A scaled model of a Belgian battlefield built on Cannock Chase during the First World War to prepare soldiers for trench warfare is to be unearthed.
In a project led by Staffordshire County Council and funded by Natural England, the replica of the Messines Ridge near Ypres – sight of one of the most famous battles of the Great War – will be carefully excavated. The model covered an area roughly the size of a tennis court.
The British Army constructed two training camps on Cannock Chase in Staffordshire during the war to prepare over 500,000 men from across the UK and abroad for fighting on the Western Front. The Messines terrain model, created for training soldiers, was based on aerial photography of the Belgium landscape taken in advance of a major offensive in 1917. The model was constructed after the successful action, in part also to commemorate the role of the New Zealand Rifle Brigade in this battle.
The two training camps were each designed to hold approximately 20,000 men - the size of an infantry division at that time - and lay within a large training complex. Soldiers trained on the Chase between 1915 and 1918 and would have spent several months at the camps to learn the fighting skills required on the Western Front. The camps were dismantled when the guns fell silent although the remains survive as some of the most complete Great War archaeological sites in this country.
This project aims to reveal more about Staffordshire’s involvement in the First World War, and act as a further reminder for future generations of the horrors and sacrifice made by thousands of troops in the fields of Flanders and North West France.
Part of the project will focus on the removal of scrub and bramble from a surviving area of barrack blocks close to the White House car park. This will be followed by interpretation of this part of the camp as part of the Great War commemorations.
The major part of the project however, involves the careful excavation, recording and reburial of the Messines model which was designed by Commonwealth engineers but was probably built by German Prisoners of War in late 1917.
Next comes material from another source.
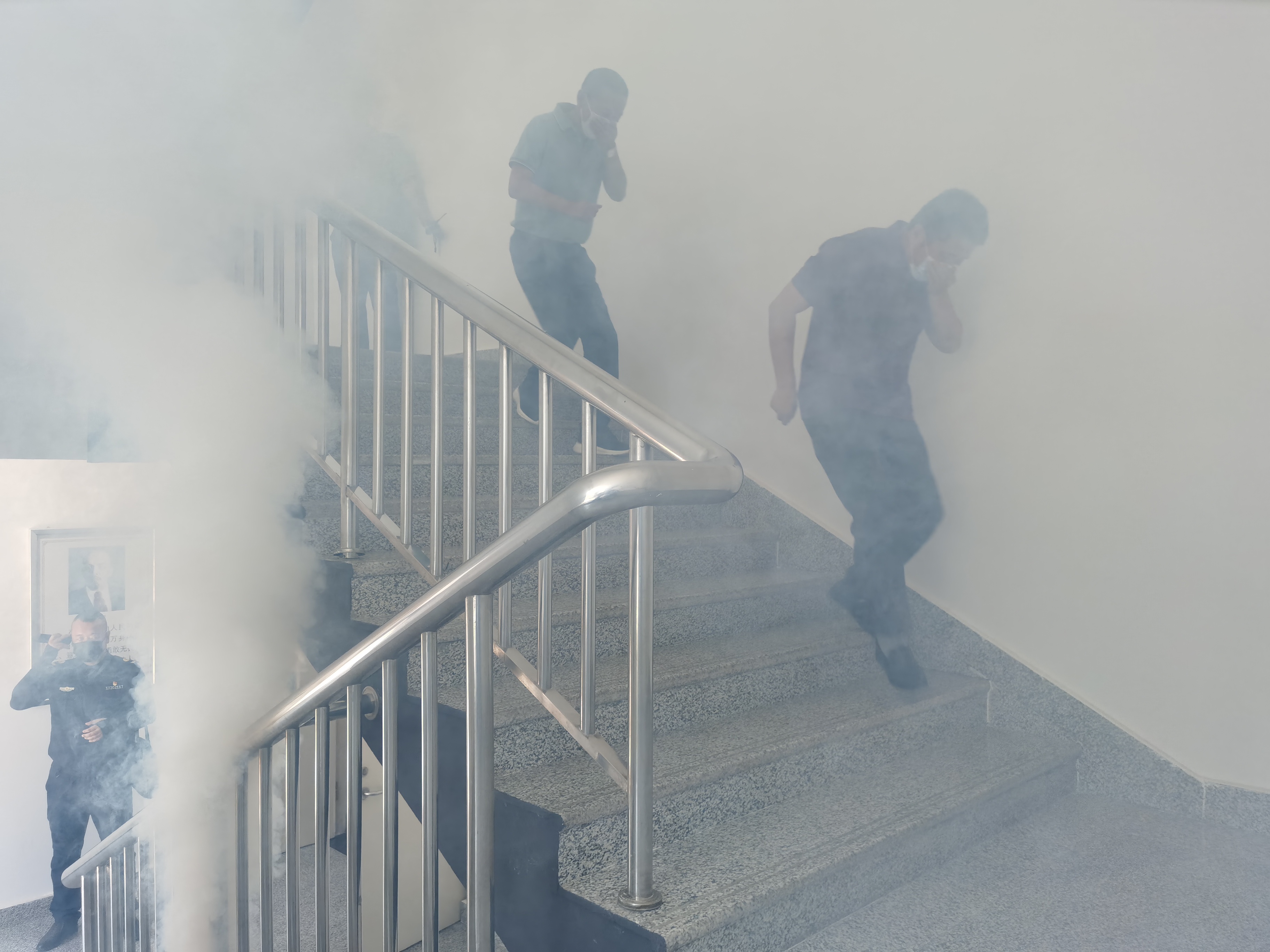 讲座结束后,体育部组织学生和老师共同参与了火灾逃生演练。

Staffordshire County Councillor, Pat Corfield, Cabinet Member for Culture and Communities said:
“As we approach the centenary of the start of the First World War in 2014, it is essential we continue to teach future generations about the legacy of the conflict.
“We must never forget the great sacrifices made and this exciting excavation project will help achieve that and showcase Staffordshire’s role in the Great War.
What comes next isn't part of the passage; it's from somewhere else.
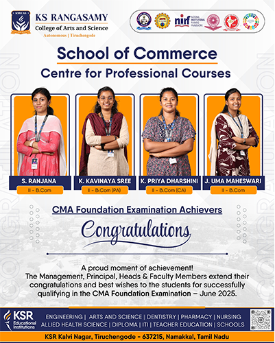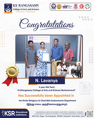 K.S. Rangasamy College of Arts and Science strives to provide quality education by imparting discipline, value, knowledge and skills. We provide a vast array of courses in Life Sciences, Humanities and Management Studies with Co-curricular activities to enhance the soft skills of the students and created an excellent learning environment with positive support and direction for the growth of our students.
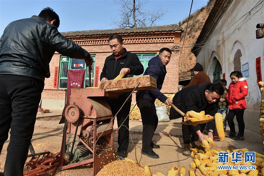 在武乡县大有乡王庄沟村,驻村第一书记靳建中(左二)和扶贫工作队队员徐乃勤(左三)、常建林(左四)在村民家里帮助村民给玉米脱粒(2月17日摄)。 新华社记者 詹彦 摄

“As custodians of this important landscape we want to bring the site to life and learn what it was like for men from across the UK and our allied countries, as they trained for trench warfare.
“Staffordshire has as good a claim as anywhere in Britain to be the national focus for the commemoration of World War I. The National Memorial Arboretum in Alrewas is a national and international centre for commemoration, while the Cannock War Graves, the Stafford Regiment Museum and many more memorials offer poignant reminders of the Great War.”
Sarah Montgomery, managing director of the National Memorial Arboretum, said: “This is an exciting cultural development for Staffordshire that will build on its reputation as a heritage and remembrance centre. It will also be another excellent reason for people throughout the UK and beyond to visit the county.”
The interpretation of the Messines model and the training camps will be based at the Marquis Drive Visitor Centre; home to an original Great War barrack block rescued and rebuilt by the County Council. It is hoped that from here, visitors will be able to experience an actual or digital model of the Messines trench system, and understand how they were used to prepare the troops for battle.
Some exploratory work has already been completed at the site and it is hoped that work will commence next year following agreement with Natural England. Experts from the County will be working closely with their colleagues to ensure that the site is protected as it is excavated, whilst minimising any damage to the surrounding wildlife habitats.
The project also comes at a time when Staffordshire County Council was awarded £80k by the Arts Council England to develop a Staffordshire Great War Trail to support plans for the county’s commemoration of the Great War.